Data -

········

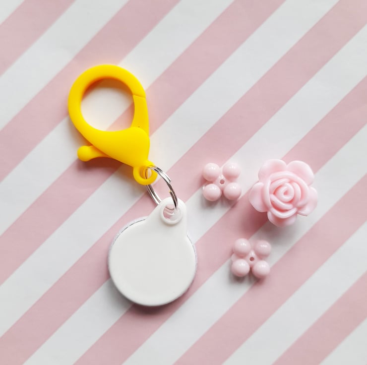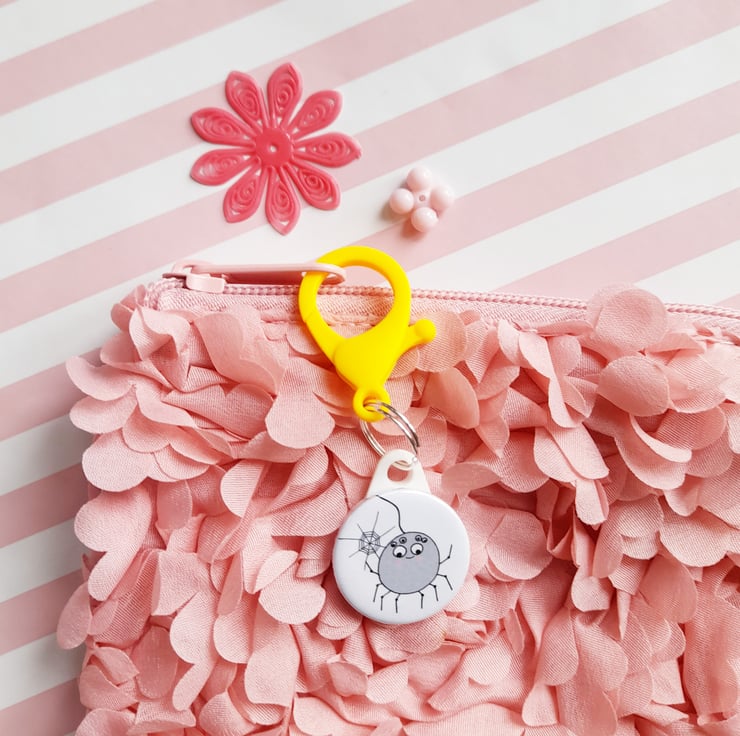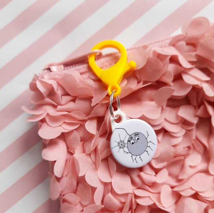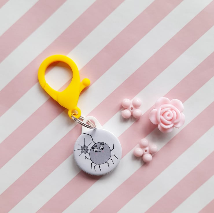 The spider charm is 25mm in diameter and has a pink plastic lobster clasp for clipping on a bag attached by 14mm split ring.
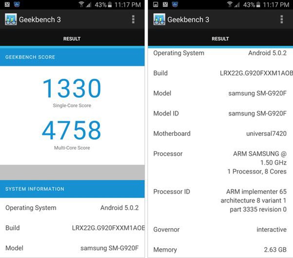 而在跨平台跑分软件GeekBench3上,Galaxy S6也拿到了单核1330分,多核4758分。那iPhone 6跑了多少分呢?结果是单核1633分,多核2923分。虽然Galaxy S6在单核性能上不及iPhone 6,但也是安卓阵营中最高的了。
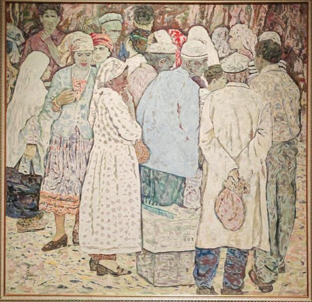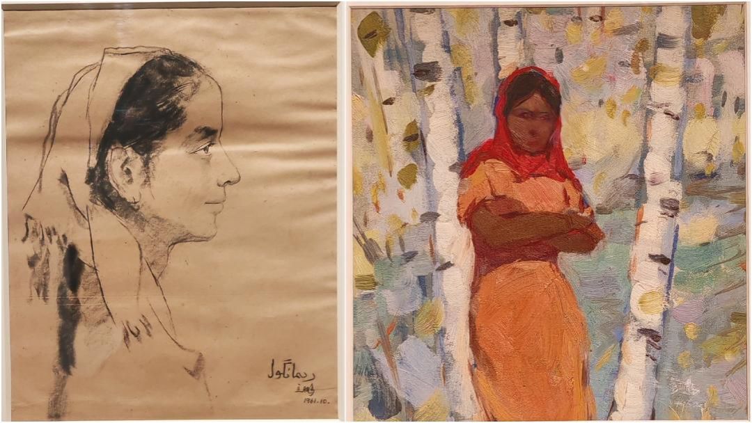 作为“文化十字路口”,新疆美术的独特性在跨地域创作中尤为显著。展览通过闻立鹏、孙景波等非本土艺术家的视角,揭示了跨地域创作如何催化文化认同的生成路径。例如,闻立鹏1961年的《新疆妇女侧面像》以炭笔线条提炼女性的面部特征,油画《白桦前的少女》以高饱和色彩重构边疆意象。这种创作并非对地域风情的猎奇,而是基于中华文化共性的在地化转译——艺术家以个人视角介入新疆风土,最终形成“多元一体”的美学表达。
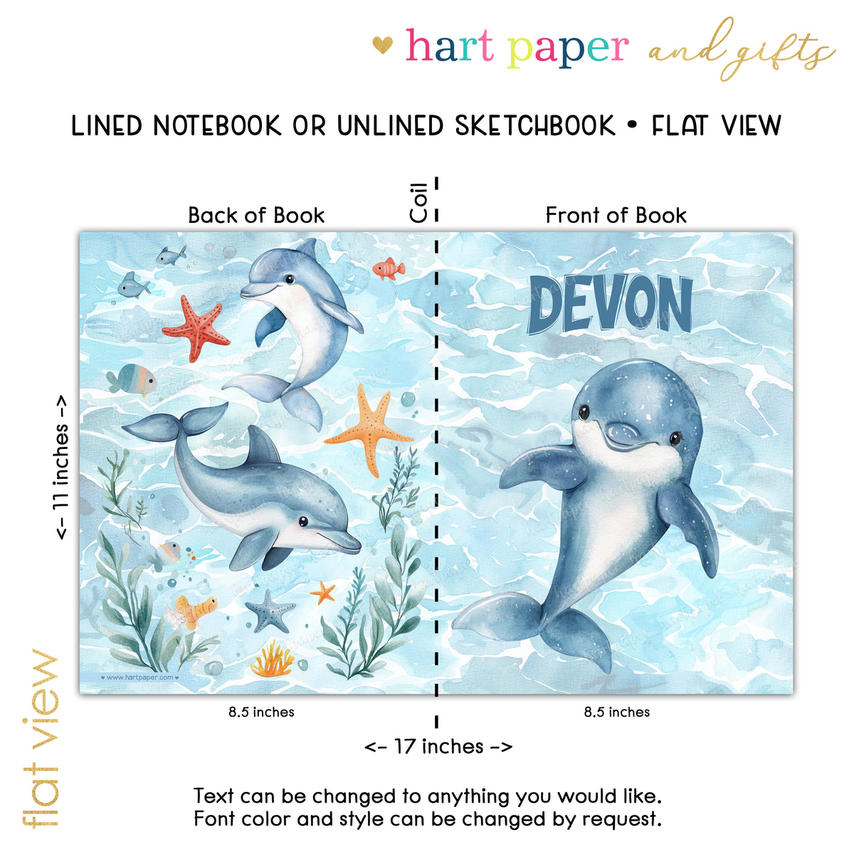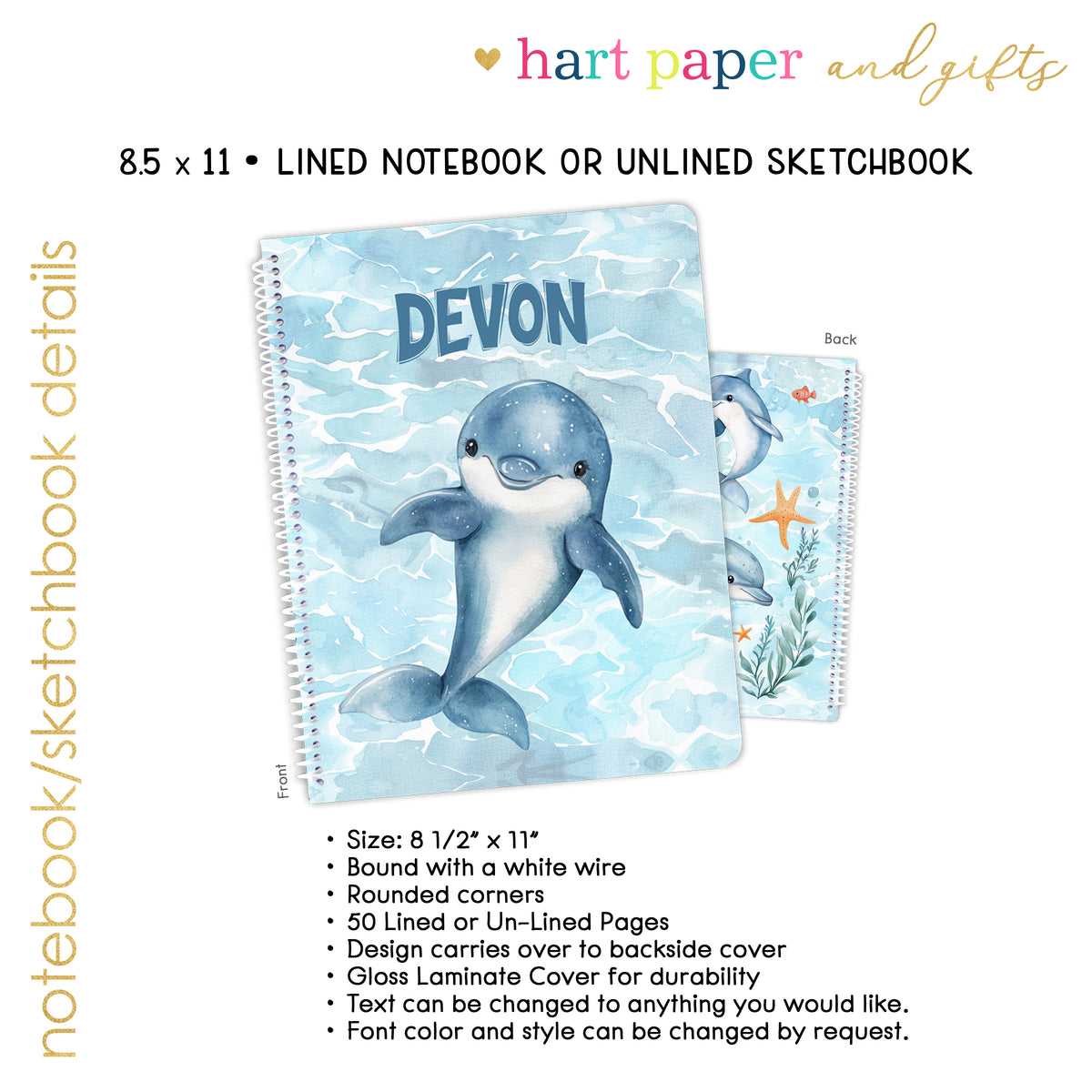 Dolphin Personalized Custom Notebook or Sketchbook • School Office Supplies

········

Task prompt -
The expected output is the complete listing, word for word, without any picture.

Answer -
 The spider charm is 25mm in diameter and has a pink plastic lobster clasp for clipping on a bag attached by 14mm split ring.
 而在跨平台跑分软件GeekBench3上,Galaxy S6也拿到了单核1330分,多核4758分。那iPhone 6跑了多少分呢?结果是单核1633分,多核2923分。虽然Galaxy S6在单核性能上不及iPhone 6,但也是安卓阵营中最高的了。
 作为“文化十字路口”,新疆美术的独特性在跨地域创作中尤为显著。展览通过闻立鹏、孙景波等非本土艺术家的视角,揭示了跨地域创作如何催化文化认同的生成路径。例如,闻立鹏1961年的《新疆妇女侧面像》以炭笔线条提炼女性的面部特征,油画《白桦前的少女》以高饱和色彩重构边疆意象。这种创作并非对地域风情的猎奇,而是基于中华文化共性的在地化转译——艺术家以个人视角介入新疆风土,最终形成“多元一体”的美学表达。
 Dolphin Personalized Custom Notebook or Sketchbook • School Office Supplies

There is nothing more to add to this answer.